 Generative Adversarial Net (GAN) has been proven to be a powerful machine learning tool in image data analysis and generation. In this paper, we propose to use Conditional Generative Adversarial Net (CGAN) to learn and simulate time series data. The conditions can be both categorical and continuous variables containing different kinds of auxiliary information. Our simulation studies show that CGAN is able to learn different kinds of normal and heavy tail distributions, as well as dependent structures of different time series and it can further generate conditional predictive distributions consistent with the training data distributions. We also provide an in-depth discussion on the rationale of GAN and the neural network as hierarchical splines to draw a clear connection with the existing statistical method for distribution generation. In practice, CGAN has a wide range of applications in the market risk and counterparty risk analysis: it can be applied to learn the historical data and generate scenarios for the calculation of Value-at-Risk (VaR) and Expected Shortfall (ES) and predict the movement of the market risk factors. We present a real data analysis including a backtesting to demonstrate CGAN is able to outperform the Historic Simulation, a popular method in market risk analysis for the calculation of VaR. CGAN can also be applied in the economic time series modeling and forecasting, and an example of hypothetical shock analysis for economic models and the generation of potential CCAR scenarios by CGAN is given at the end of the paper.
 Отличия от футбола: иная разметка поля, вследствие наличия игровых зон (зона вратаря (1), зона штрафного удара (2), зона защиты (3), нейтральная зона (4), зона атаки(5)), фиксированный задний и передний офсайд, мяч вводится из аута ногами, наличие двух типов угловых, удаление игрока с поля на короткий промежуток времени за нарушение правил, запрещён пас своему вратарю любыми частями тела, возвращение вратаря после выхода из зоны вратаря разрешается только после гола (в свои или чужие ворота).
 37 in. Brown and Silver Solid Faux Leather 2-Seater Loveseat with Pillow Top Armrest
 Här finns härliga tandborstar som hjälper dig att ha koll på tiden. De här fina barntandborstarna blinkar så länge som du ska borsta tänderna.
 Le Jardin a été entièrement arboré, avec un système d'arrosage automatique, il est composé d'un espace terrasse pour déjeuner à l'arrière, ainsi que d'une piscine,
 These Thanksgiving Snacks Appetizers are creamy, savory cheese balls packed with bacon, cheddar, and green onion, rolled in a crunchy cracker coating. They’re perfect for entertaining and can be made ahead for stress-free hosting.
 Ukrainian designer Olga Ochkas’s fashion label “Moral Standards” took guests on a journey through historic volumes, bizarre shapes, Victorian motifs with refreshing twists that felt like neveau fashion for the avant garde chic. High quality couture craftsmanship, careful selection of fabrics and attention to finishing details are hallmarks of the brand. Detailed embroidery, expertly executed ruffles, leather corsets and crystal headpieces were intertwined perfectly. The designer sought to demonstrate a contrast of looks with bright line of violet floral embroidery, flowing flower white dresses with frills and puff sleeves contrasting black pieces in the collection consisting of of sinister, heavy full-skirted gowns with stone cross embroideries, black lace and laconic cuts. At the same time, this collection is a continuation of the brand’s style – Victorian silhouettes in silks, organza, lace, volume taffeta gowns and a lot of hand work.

+===+

WHAT TO DO
Extract from the records above the lines from the one containing "37 in. Brown" to the one containing "These Thanksgiving Snacks", both lines included, exactly as they appear and with nothing else.

ANSWER BELOW
 37 in. Brown and Silver Solid Faux Leather 2-Seater Loveseat with Pillow Top Armrest
 Här finns härliga tandborstar som hjälper dig att ha koll på tiden. De här fina barntandborstarna blinkar så länge som du ska borsta tänderna.
 Le Jardin a été entièrement arboré, avec un système d'arrosage automatique, il est composé d'un espace terrasse pour déjeuner à l'arrière, ainsi que d'une piscine,
 These Thanksgiving Snacks Appetizers are creamy, savory cheese balls packed with bacon, cheddar, and green onion, rolled in a crunchy cracker coating. They’re perfect for entertaining and can be made ahead for stress-free hosting.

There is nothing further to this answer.